Давным-давно, в далеком-далеком королевстве, что именуется Францией и лежит ощутимо западнее Польши, правил славный и могучий король Генрих II. И было у него четыре сына. Двоих крайних — старшего и младшего — он назвал в честь батьки своего героического, короля Франциска I, второго нарек Карлом, ну а третьему соответственно дал свое имя. Был король Генрих II государем строгим, но справедливым. Правил он как и положено достойному монарху: все свои обязанности перекладывал на плечи подчиненных, и если дела в королевстве шли хорошо, то похвалялся он перед всеми: «Видите, какой я мудрый король! Как правильно назначаю я министров и прочих губернаторов! Кадры, они, как известно, решают все!» Ну а ежели внутри- и внешнеполитическая обстановка в этой самой Франции оставляла желать лучшего, то в этом, разумеется, была вина исключительно тех же самых министров и губернаторов, подвергавшихся тут же гонениям и репрессиям.
Досужее же время, коего при таком-то распределении труда у него было хоть отбавляй, Генрих II употреблял на борьбу с иноверцами, общение с прекрасными дамами и на молодецкие потехи, именовавшиеся во Франции рыцарскими турнирами. Последним он уделял особо много времени, полагая их невинным аналогом реальных сражений, участвовать в коих он считал опасным, оставляя их на долю своих французских воевод.

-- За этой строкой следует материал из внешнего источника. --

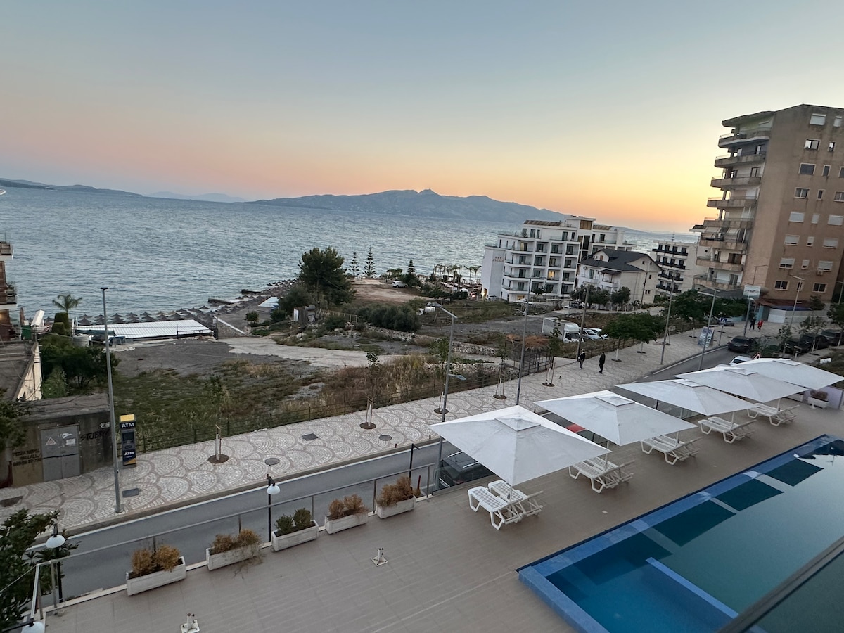 Enjoy the best views of Saranda, the Ionian Sea and Corfu. You'll have privacy and peace of quiet in a spacious apartment. It's located on the hills of Saranda in a quiet neighbourhood, yet only a 15-20 minute walk to the centre of Saranda and a 10 minute walk to the closest beach. The apartment is in a new building (2025) with pool and two balconies, including one with breathtaking views. It has a fully equipped kitchen, dining area, living room, bedroom, and bathroom with a washing machine.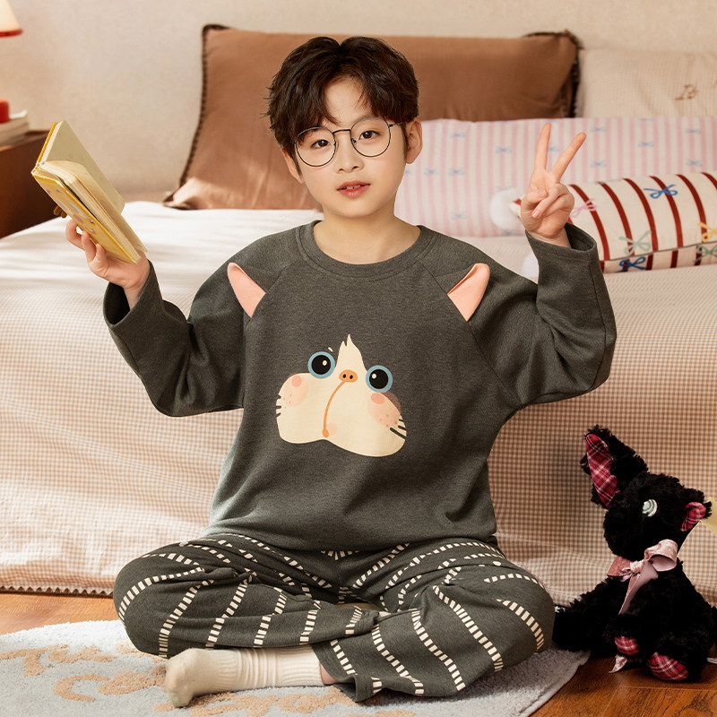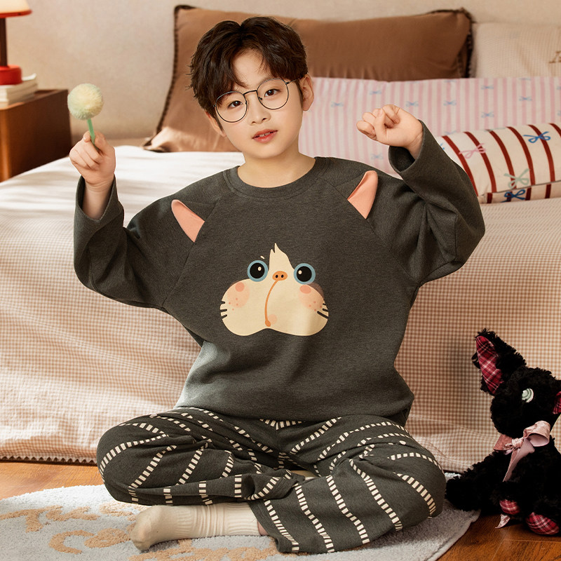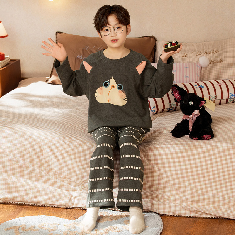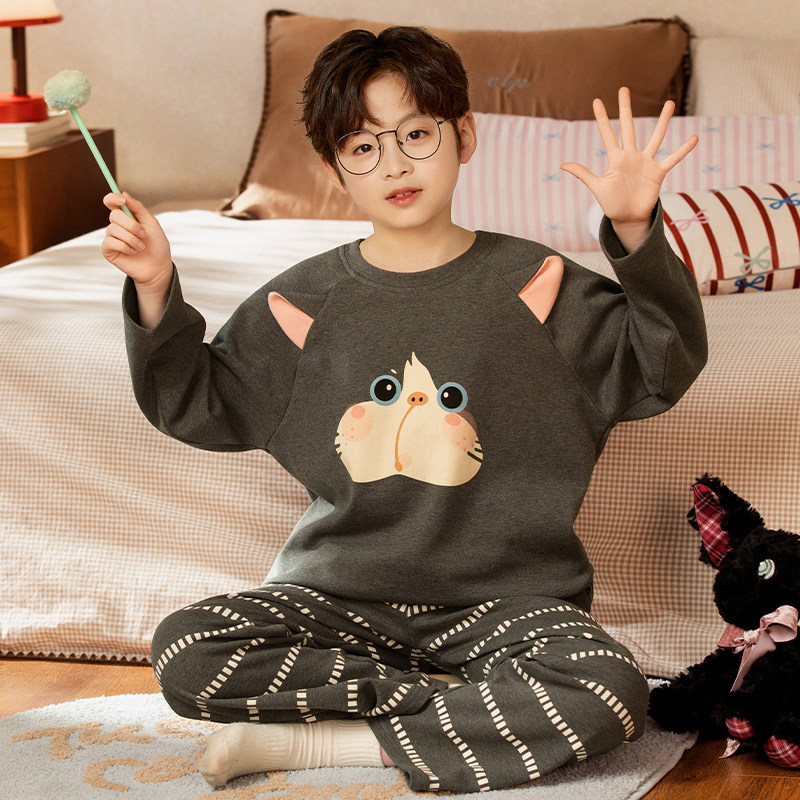 2026年新款男童睡衣洋气纯棉长袖薄款春秋季中大童卡通儿童家居服

Однако полагал он так совершенно напрасно, ибо, как показало время, забавы с оружием, пусть даже и потешным, рано или поздно доводят до беды. Не обошла беда и Генриха. Во время одной из подобных забав один из придворных его бояр так ловко подцепил своего государя на потешную пику, что тот отдал Богу свою царственную душу, не хуже чем от настоящей. Раз и навсегда. Честное слово, лучше б уж иноверцам с дамами больше времени уделял…
Схоронили его сыны многочисленные, оплакали и стали думу думать: как же им дальше жить да государством, от батьки оставшимся, управлять? Первым воссел на престол отцовский старший сын Франциск, получивший, как и его батя, порядковый номер II. Но было у Франциска II здоровьице до того слабое и хрупкое, что не прошло и года, как снарядился он следом за своим родителем, не успев, в отличие от того, ни с иноверцами толком повоевать, ни с дамами прекрасными пообщаться, ни потехами молодецкими душу свою усладить.

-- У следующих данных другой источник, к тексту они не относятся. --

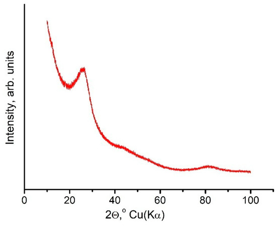 The spherical modification of carbon nitride was obtained when added to a reactor, as a substrate, with nano-size silica spheres, using the procedure described previously [20]. The X-ray diffraction pattern of the starting g-C3N4 material is shown in Figure 1. The initial graphite-like g-C3N4 is a partially three-dimensional ordered structure, with the following parameters: a = 0.2370 ± 0.0005 nm and c = 0.686 ± 0.025 nm, which corresponds to the C-N bond length equal to L = 0.137 nm. This corresponds to the known data described inthe literature [4,5,19,21].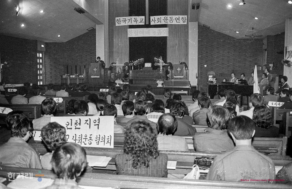 - 1989년 3월 20일 전국 12개 지역별 부문별 기독교 사회운동단체의 총 연합체인 한국기독교사회운동연합(기사련)이 서울 종로구 동대문교회에서 창립총회를 갖고 정식으로 출범하고 있다. 이날 총회에서 오충일, 박영모, 전병생 목사와 이봉구 장로 등 4명을 공동의장으로 선임했다. 촬영

Сменил его на троне малолетний братец Карл, которому, к счастью, удалось избежать несчастливой цифры II и стать Карлом IX.
Карл IX царствовал, подрастая помаленьку и осваиваясь постепенно с королевскими обязанностями (иноверцы, прекрасные дамы, молодецкие потехи). И все бы ничего, да только вот братишки его меньшие тоже год за годом взрослели, в силу входили и вроде бы как начинали уже выражать недоумение: не долго ли их старший брательник засиделся на троне?
Самому же Карлу совсем не казалось, что его царствование длится слишком уж долго, и призадумался он: куда бы ему определить братишек своих меньших, чтобы они образумились маленько да присмирели? А тут как раз довелось ему прознать, что случился в королевстве польском кризис династический: старый-то король помер, а наследника-то после себя законного и не оставил. Ввиду чего начались в том королевстве разброд и шатание, угрожающие ни много ни мало целостности оного государства.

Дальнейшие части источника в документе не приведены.